CANADIAN RAILWAY OFFICE OF ARBITRATION

CASE NO. 3386

Heard in Montreal, Wednesday, 10 December 2003

concerning

CANADIAN NATIONAL RAILWAY COMPANY

and

BROTHERHOOD OF LOCOMOTIVE ENGINEERS

DISPUTE:

The application of article 22 as it refers to the Company's obligation to supply same craft pilots to locomotive engineers unfamiliar with territory for which called to operate on.

JOINT STATEMENT OF ISSUE:

On November 10, 2001, K. Bernhard, a North Battleford stationed locomotive engineer, was ordered in single subdivision service to operate train 452 eastward from the away from home terminal of Vermillion to North Battleford on the Blackfoot Subdivision.

Locomotive Engineer Bernhard requested a pilot under the terms of article 22 of the 1.2 agreement, specifically to assist him in operating train 452 over the 8.7 miles on the Vegreville Subdivision, a subdivision to which Locomotive Engineer Bernhard had not previously operated on. The Company denied the request.

It is the Brotherhood's position that a pilot should have been provided to Locomotive Engineer Bernhard under the provisions of article 22 of the 1.2 agreement. The Brotherhood grieved the matter asking that the Company cease and desist form operating in a manner that does not represent what it feels is the intent and clear workings of article 22 of the 1.2 agreement.

The Company had denied the Brotherhood's request.
 

FOR THE BROTHERHOOD:
(SGD.) D. E. BRUMMUND
FOR: GENERAL CHAIRMAN

FOR THE COMPANY:
(SGD.) D. VANCAUWENBERGH
FOR: SR. VICE-PRESIDENT, WESTERN CANADA

There appeared on behalf of the Company:

D. VanCauwenbergh
J. Krawec

- Sr. Manager, Labour Relations, Winnipeg
- Sr. Manager, Labour Relations, Toronto

And on behalf of the Brotherhood:

D. E. Brummund
D. J. Shewchuk
R. Leclerc
P. Vickers
R. Caldwell

- Sr. Vice-General Chairman, Edmonton
- General Chairman, Edmonton
- General Chairman, Grand-Mère
- Vice-General Chairman, Central
- Vice-General Chairman, Central

 

AWARD OF THE ARBITRATOR

The facts pertinent to this grievance are fully stated in the Joint Statement of Issue. The dispute concerns the application of article 22.1 of the collective agreement which provides, in part, as follows:

22.1 A locomotive engineer in charge of an engine ordered over any subdivision with which he is not familiar will be furnished with a locomotive engineer as pilot in addition to engine crew, provided such subdivision is not under construction.

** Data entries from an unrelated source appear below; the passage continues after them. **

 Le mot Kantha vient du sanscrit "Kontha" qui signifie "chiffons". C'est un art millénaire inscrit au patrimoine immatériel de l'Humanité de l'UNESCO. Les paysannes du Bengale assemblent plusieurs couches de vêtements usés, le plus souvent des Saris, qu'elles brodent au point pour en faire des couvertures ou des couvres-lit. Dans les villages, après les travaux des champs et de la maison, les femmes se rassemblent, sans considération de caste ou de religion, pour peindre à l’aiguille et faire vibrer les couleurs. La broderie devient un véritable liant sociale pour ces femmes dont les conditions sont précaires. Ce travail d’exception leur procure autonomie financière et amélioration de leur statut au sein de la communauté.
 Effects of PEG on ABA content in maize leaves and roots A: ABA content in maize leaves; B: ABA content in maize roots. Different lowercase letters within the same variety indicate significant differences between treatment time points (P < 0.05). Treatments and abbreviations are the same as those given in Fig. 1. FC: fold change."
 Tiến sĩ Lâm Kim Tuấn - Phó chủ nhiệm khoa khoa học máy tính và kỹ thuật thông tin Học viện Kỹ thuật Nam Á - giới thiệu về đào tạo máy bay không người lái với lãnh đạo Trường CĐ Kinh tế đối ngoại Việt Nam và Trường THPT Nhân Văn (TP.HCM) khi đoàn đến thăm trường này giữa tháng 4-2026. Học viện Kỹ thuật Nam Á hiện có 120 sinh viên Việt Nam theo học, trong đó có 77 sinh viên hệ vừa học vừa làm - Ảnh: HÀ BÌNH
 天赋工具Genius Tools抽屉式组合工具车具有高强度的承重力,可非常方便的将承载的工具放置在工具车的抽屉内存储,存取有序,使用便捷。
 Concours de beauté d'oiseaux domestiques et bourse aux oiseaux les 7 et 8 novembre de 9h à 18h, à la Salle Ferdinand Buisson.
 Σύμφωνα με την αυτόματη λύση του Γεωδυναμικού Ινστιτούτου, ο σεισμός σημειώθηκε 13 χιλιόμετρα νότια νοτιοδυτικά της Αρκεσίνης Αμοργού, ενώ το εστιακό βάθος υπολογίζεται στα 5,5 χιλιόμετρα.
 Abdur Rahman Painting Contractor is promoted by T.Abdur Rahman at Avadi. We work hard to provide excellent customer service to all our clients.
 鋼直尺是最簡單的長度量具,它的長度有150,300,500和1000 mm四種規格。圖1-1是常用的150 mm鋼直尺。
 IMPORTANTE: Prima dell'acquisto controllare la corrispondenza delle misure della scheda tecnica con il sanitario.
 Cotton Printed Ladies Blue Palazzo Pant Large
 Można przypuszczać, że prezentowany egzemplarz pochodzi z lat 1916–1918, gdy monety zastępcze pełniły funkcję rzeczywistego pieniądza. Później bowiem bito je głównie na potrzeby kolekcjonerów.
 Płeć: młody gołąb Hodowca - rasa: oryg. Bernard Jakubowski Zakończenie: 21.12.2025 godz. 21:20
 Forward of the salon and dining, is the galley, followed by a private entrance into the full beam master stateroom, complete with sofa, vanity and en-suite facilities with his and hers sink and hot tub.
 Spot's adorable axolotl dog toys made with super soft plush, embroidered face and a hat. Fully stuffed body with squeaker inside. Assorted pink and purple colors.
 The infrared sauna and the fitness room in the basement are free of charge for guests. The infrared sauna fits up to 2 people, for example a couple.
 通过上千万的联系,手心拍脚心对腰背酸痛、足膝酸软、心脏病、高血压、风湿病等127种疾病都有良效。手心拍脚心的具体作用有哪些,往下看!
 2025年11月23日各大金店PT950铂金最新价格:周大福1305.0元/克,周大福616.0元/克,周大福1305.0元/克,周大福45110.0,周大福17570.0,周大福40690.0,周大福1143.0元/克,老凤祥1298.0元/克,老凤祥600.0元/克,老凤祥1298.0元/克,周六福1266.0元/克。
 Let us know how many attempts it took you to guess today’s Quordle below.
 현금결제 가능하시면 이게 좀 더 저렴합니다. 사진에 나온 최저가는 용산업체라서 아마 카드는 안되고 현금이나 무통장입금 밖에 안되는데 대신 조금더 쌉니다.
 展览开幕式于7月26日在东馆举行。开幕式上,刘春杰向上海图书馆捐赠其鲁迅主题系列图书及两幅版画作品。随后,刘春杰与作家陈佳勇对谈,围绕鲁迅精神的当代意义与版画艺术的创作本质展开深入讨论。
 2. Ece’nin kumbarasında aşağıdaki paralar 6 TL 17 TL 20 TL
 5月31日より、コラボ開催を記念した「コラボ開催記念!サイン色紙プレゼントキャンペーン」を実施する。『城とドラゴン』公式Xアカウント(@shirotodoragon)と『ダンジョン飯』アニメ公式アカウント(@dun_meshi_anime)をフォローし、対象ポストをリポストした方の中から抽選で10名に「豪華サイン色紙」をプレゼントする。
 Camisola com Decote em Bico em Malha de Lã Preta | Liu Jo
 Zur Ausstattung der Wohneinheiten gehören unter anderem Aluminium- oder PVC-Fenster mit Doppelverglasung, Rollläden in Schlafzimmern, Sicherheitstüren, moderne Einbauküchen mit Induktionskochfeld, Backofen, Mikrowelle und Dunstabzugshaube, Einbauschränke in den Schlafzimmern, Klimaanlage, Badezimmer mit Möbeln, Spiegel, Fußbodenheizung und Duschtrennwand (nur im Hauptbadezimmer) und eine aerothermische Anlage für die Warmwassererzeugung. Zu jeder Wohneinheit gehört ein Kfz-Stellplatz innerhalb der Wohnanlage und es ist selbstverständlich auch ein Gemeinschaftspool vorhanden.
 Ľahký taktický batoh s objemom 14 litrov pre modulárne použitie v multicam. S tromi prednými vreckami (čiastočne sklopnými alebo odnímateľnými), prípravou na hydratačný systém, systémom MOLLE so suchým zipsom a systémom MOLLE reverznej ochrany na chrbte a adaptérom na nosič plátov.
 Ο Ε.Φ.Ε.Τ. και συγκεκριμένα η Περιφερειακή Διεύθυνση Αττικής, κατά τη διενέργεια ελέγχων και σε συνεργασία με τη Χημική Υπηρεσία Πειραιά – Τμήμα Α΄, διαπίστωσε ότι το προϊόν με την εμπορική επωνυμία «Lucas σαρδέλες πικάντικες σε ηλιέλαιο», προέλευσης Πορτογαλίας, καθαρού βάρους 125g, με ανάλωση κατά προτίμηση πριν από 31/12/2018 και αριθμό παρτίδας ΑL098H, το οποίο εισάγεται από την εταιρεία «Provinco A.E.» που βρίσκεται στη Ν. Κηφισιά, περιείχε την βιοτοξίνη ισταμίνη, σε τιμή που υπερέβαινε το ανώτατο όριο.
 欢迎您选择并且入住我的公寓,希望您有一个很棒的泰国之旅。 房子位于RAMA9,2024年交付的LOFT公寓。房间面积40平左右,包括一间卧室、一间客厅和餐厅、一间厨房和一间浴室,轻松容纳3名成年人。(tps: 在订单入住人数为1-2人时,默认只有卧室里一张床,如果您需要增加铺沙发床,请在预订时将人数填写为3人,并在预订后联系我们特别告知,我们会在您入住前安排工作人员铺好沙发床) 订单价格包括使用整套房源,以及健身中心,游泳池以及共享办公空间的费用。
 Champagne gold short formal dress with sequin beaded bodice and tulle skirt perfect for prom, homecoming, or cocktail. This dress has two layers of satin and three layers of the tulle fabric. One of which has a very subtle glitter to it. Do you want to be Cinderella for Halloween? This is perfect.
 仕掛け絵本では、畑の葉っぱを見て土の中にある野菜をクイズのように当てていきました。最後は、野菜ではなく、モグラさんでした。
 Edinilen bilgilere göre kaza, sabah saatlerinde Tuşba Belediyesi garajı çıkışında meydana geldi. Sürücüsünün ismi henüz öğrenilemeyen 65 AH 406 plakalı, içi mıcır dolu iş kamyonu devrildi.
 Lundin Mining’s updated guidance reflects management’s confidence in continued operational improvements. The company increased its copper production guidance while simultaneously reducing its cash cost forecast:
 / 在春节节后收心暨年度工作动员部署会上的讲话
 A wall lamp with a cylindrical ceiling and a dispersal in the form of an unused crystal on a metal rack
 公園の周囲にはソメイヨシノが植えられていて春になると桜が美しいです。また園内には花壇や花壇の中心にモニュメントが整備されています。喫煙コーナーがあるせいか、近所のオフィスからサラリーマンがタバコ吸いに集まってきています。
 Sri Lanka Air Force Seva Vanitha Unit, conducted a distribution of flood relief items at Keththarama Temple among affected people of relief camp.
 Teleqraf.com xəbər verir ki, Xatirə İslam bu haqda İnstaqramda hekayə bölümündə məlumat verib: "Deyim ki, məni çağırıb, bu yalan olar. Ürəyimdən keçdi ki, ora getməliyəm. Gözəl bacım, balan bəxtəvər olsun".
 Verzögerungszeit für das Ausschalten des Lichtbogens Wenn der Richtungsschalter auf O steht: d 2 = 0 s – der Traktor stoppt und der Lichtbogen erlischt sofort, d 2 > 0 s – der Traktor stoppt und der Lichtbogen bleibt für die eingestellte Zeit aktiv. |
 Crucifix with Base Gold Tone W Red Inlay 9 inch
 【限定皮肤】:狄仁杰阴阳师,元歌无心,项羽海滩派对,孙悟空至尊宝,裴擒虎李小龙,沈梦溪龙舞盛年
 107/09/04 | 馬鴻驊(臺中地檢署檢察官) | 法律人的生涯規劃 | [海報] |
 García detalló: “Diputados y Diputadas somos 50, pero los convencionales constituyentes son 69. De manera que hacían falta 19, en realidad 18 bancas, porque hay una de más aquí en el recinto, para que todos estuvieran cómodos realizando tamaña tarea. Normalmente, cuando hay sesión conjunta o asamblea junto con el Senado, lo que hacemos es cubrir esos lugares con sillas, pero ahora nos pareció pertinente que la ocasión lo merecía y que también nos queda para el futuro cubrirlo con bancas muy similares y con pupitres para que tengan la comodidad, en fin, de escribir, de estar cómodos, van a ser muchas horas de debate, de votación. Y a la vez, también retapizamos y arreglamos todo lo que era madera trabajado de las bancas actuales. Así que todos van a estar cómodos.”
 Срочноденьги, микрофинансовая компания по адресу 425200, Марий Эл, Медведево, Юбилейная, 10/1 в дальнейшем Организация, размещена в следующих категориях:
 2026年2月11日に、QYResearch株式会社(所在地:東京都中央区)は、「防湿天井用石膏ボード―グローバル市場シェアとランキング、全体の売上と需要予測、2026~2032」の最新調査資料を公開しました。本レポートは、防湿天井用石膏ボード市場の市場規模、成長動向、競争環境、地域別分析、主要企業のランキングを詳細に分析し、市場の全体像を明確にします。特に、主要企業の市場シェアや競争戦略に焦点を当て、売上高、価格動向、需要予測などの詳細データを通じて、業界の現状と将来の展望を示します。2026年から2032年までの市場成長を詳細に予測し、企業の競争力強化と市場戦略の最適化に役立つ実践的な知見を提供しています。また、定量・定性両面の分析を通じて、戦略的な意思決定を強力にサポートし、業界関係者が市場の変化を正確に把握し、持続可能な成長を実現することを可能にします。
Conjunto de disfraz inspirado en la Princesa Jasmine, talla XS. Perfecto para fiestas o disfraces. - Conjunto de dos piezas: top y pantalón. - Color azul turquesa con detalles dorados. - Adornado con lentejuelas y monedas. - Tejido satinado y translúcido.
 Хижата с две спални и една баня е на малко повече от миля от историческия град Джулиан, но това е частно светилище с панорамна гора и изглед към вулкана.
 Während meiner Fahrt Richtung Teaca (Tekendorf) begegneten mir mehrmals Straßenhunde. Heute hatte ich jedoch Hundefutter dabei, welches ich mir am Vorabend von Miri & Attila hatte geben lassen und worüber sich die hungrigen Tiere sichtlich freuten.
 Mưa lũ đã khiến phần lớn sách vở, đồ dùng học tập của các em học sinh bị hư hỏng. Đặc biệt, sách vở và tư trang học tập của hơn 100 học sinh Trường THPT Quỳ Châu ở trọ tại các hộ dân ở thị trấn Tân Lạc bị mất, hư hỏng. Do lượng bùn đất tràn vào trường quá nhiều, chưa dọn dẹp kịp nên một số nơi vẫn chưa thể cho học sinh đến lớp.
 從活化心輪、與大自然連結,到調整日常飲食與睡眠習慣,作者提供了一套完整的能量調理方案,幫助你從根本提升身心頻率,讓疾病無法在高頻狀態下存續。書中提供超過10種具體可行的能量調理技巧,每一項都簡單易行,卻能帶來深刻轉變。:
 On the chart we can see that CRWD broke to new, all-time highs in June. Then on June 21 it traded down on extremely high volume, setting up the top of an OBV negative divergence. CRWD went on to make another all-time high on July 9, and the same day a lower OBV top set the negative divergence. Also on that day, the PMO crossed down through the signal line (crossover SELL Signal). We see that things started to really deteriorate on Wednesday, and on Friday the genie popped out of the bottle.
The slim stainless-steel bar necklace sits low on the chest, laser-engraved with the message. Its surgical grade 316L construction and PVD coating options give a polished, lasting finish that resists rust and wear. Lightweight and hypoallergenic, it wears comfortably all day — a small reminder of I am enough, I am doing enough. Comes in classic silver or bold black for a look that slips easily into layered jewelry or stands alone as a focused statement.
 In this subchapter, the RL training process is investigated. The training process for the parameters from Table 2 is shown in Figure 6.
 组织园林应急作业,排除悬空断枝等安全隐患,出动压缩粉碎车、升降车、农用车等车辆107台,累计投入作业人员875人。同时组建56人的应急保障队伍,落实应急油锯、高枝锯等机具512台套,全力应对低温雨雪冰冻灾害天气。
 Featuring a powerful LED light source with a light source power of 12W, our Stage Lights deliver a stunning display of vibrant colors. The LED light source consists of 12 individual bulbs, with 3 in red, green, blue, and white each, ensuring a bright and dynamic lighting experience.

It is common ground that the grievor had never before operated over the approximately eight miles on which he was called upon to handle his train on November 10, 2001. The train in question was some 8,000 feet in length and the territory was not particularly difficult, having gentle curves, but it did involve certain segments of downhill grade, one of which achieved a value of 0.80.

The Company submits that in the circumstances, bearing in mind that the operation took place during daylight, the assignment of a pilot was not necessary. The Arbitrator cannot agree. The language of article 22.1 is relatively straightforward, and does not, on its face, vest any discretion in the Company as to the appropriateness of assigning a pilot when one is requested. Whether there may not be some circumstances in which the request of a pilot might be abusive need not be resolved in this case, as for example where the distance is relatively short, and without any complicating features, so that familiarity might be gained immediately. While the Company referred the Arbitrator to CROA 1657, that decision dealt with the different language found in the collective agreement of the United Transportation Union.

In the instant case it is not disputed that the grievor did not have charts or data with respect to the specifics of the grade which he would encounter on the territory with which he was not familiar. While it is true, as the Company's representatives note, that the movement was largely on OCS territory with relatively few complicating characteristics, I am satisfied that the length of the grievor's train, the grade which he was to encounter and the need to reduce speed as his movement approached the terminal of Vermillion did, in all of the circumstances, justify his request for a pilot. To put it differently, the request was not frivolous or abusive in the circumstances.

The grievance must therefore be allowed. The Arbitrator finds and declares that the Company did violate the collective agreement by failing to provide a pilot as requested by Locomotive Engineer Bernhard on the Blackfoot Subdivision on November 10, 2001. In the absence of evidence indicating that the Company's action was in the nature of a concerted practice, I do not consider it necessary to issue the cease and desist order requested by the Brotherhood, as the Company can be expected to act in good faith and comply with the interpretation of article 22.1 contained within this award.